If waiting on job id is not allowed in the conventional UNIX sense, it will not work because SequenceServer processes requests synchronously. That bit is due to change soon though.

I hope this helps. Please let us know if you took the above suggestions to integrate SequenceServer into an HPC system. We will be happy to help along the way.

– Priyam

Hey Aslam,

I am sorry I couldn’t respond sooner - was really caught up last week.

I don’t quite understand why BLAST archive files have a different name than what SequenceServer expects it to be. Could you provide some more context here? how do your shims look? what changes did you make to SS? is the file system is shared b/w the machine that runs SS and the nodes that run the job?

Also, you can use TMPDIR environment variable to change the location of where SequenceServer writes temporary files (query, BLAST archive, xml, tsv, FASTA(s) to download, etc.) without having to modifying blast.rb

– Priyam

Hi Priyam,

Thanks for your reply, Yes , I have created TMPDIR env variable, And ran the query., Here are the files are generated. But it unable to generate the xml report. Is there any thing i missed in configuration.

total 142
-rw------- 1 xxxx yyyy 0 Dec 22 05:50 sequenceserver_blast_error20151222-850-1v4obxl
-rw------- 1 xxxx yyyy 45 Dec 22 05:50 sequenceserver_blast_result20151222-850-1hrqe4e
-rw------- 1 xxxx yyyy 57 Dec 22 05:50 sequenceserver_query20151222-850-n0gd19
-rw------- 1 xxxx yyyy 0 Dec 22 05:50 sequenceserver-xml_report.xml20151222-850-o447f
[xxxx@zzzz tmp]$cat sequenceserver_blast_error20151222-850-1v4obxl
[xxxx@zzzz tmp]$cat sequenceserver_blast_result20151222-850-1hrqe4e
Your job 20558 (“blastn”) has been submitted
[xxxx@zzzz tmp]$cat sequenceserver-xml_report.xml20151222-850-o447f

Thanks
Syed

Hello Priyam,

Yes, The files system is shared between SS and execution nodes,

[xxxx@yyyyy ~]$cat /home/xxxx/blast_formatter.e20558
Illegal variable name.

Thanks
Aslam Syed

Hey Aslam,

I am sorry I have been sitting on a response to your email because I am really out of ideas. Can we take this off the list and see if you can get me temporary access to your setup and we can investigate what’s happening? (you know my email I hope?)

– Priyam

Hi both,

Don’t know if you made any progress with this but…

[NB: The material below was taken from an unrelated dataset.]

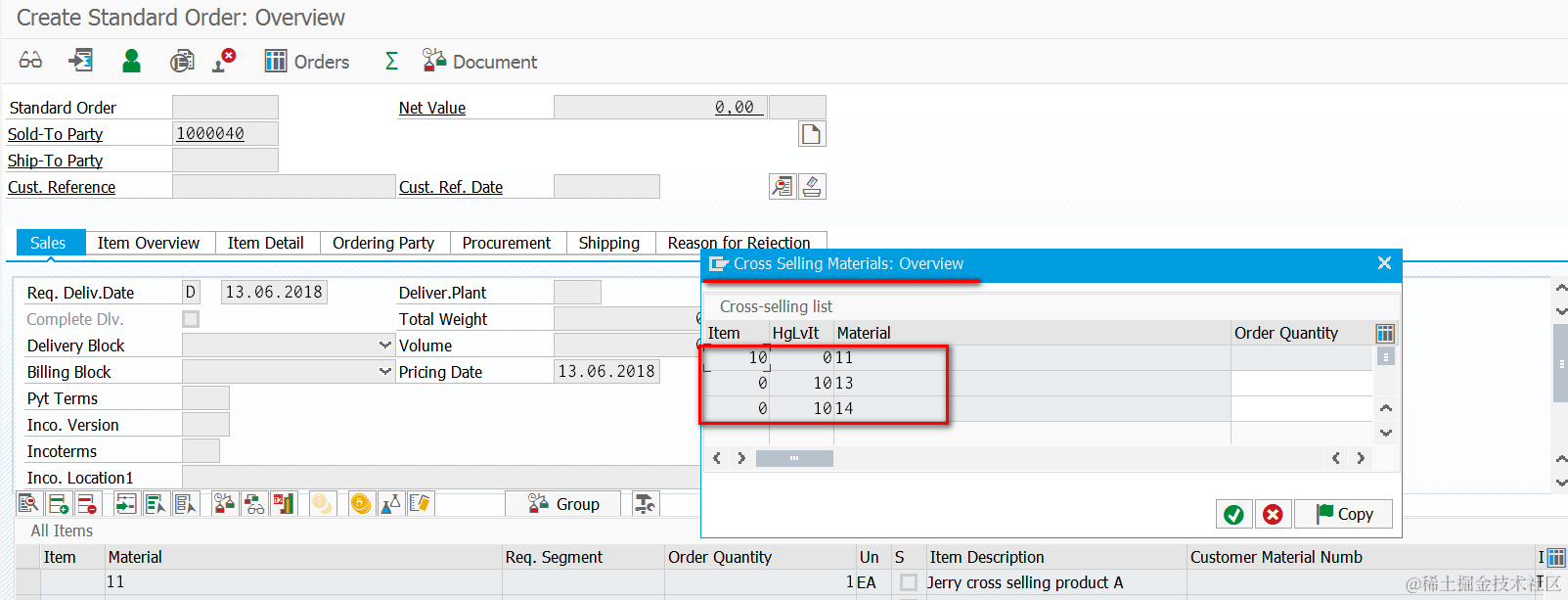 Now it’s ready for test. Create a Sales order with type OR, maintain 11 as line item and press enter key, another two materials 13 and 14 are determined and displayed in popup as expected.

The problem is that qsub will not direct the output of the script it’s running to > and errors to 2>. This will only capture the output and errors of the qsub itself.

So this line in the ruby script blast.rb:

system("#{command} > #{rfile.path} 2> #{efile.path}")

works fine locally, and even when sending the job somewhere else through SSH, but will not work when qsub-ing. You need to specify -o and -e options in your shim and remove the redirection in the ruby script.

So what I did (I don’t know Ruby very well so I appreciate this is very rudimentary!)…

I added a couple of lines to blast.rb:

File.write(’/tmp/outpath’, “#{rfile.path}”)
File.write(’/tmp/errpath’, “#{efile.path}”)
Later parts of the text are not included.